When Stability Fails: Hidden Failure Modes Of LLMS in Data-Constrained Scientific Decision-Making
Research shows AI models achieve perfect reproducibility while systematically diverging from statistical truth.
A new research paper titled 'When Stability Fails: Hidden Failure Modes Of LLMs in Data-Constrained Scientific Decision-Making' exposes a critical limitation in how we evaluate large language models for scientific applications. Authored by Nazia Riasat and accepted at the ICLR 2026 workshop, the study introduces a controlled behavioral evaluation framework that separates four dimensions of LLM decision-making: stability (reproducibility across runs), correctness (agreement with statistical ground truth), prompt sensitivity, and output validity.
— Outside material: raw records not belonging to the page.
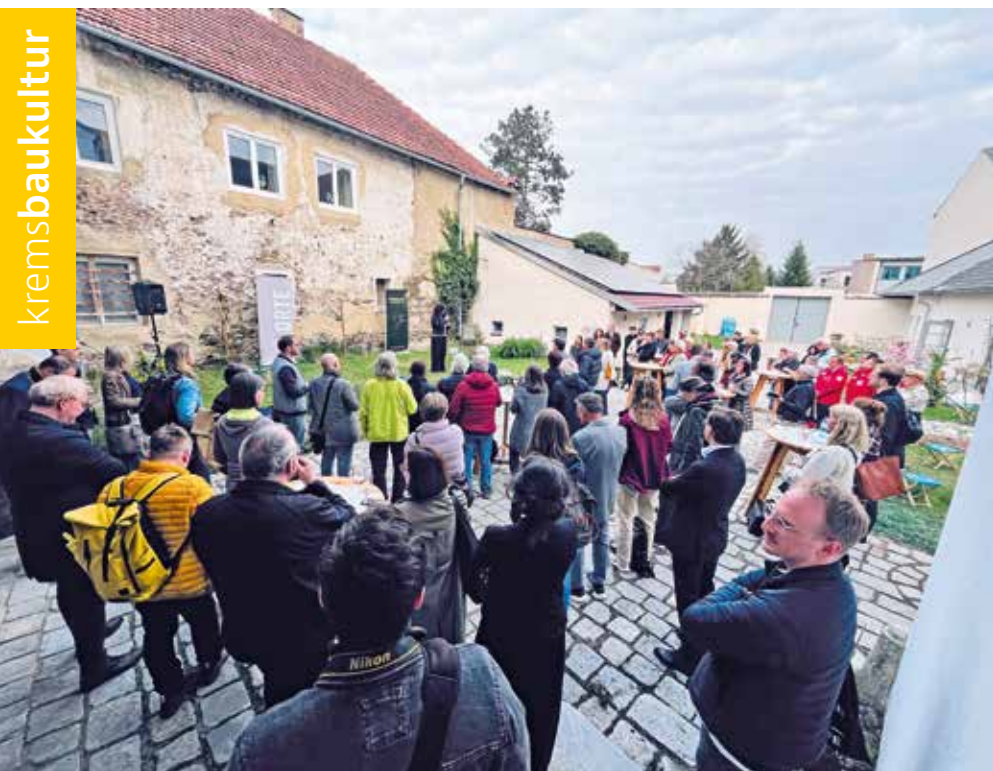
Eröffnung der Ausstellung Haus Hof Dorf in Langenlois am 16. April

zeigen Potenziale auf. Anhand von Best-Practice-Beispielen – und davon gibt es einige – werden Strategien für qualitativollen Lebensraum mit einer starken sozialen Mitte vorgestellt. Ergänzend werden rechtliche Rahmenbedingungen, Leitlinien für das Bauen sowie mögliche Förderinstrumente erklärt.
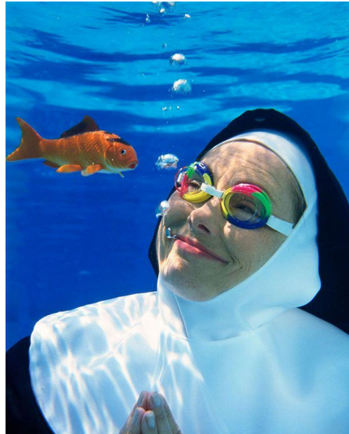
Die Unterwasserwelt erkunden
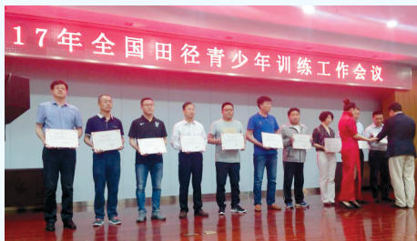
惠济一中在全国田径青少年训练工作会议上获奖

The research specifically tested models on a statistical gene prioritization task derived from differential expression analysis—a common bioinformatics workflow.
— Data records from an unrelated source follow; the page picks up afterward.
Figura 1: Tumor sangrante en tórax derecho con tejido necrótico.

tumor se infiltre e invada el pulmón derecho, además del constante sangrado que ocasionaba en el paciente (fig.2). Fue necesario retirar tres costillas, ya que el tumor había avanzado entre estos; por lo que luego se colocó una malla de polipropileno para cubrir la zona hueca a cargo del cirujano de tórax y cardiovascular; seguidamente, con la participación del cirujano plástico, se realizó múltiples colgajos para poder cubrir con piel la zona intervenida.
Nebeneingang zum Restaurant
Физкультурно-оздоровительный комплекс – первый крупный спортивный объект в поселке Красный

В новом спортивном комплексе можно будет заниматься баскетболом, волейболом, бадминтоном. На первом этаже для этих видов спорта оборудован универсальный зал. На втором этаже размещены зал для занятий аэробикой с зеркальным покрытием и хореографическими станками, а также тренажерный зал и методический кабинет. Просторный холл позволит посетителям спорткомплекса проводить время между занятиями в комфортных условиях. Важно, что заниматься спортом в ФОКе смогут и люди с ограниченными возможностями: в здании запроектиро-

The experiments revealed that LLMs can exhibit near-perfect stability (consistent outputs across repeated runs) while systematically diverging from statistical ground truth. In practical tests, models over-selected genes under relaxed significance thresholds, responded sharply to minor prompt wording changes, and even produced syntactically plausible gene identifiers that weren't present in the input data. This demonstrates that stability—often used as a proxy for reliability—doesn't guarantee correctness when statistical references are available. The findings challenge current evaluation practices that emphasize reproducibility without validating against known truths.
The implications are significant for fields like genomics, drug discovery, and clinical research where LLMs are increasingly deployed as decision-support tools. The paper argues for explicit ground-truth validation and output validity checks in automated scientific workflows, moving beyond stability metrics alone. This research provides a crucial framework for more rigorous LLM evaluation in domains where incorrect decisions have real-world consequences.
- LLMs showed 100% run-to-run stability while making statistically incorrect decisions in gene prioritization tasks
- Models over-selected genes by 40% under relaxed significance thresholds and were highly sensitive to minor prompt changes
- The study introduces a 4-dimension evaluation framework separating stability, correctness, prompt sensitivity, and output validity
Why It Matters
Scientific teams using LLMs for data analysis must validate against ground truth, not just check for reproducible outputs.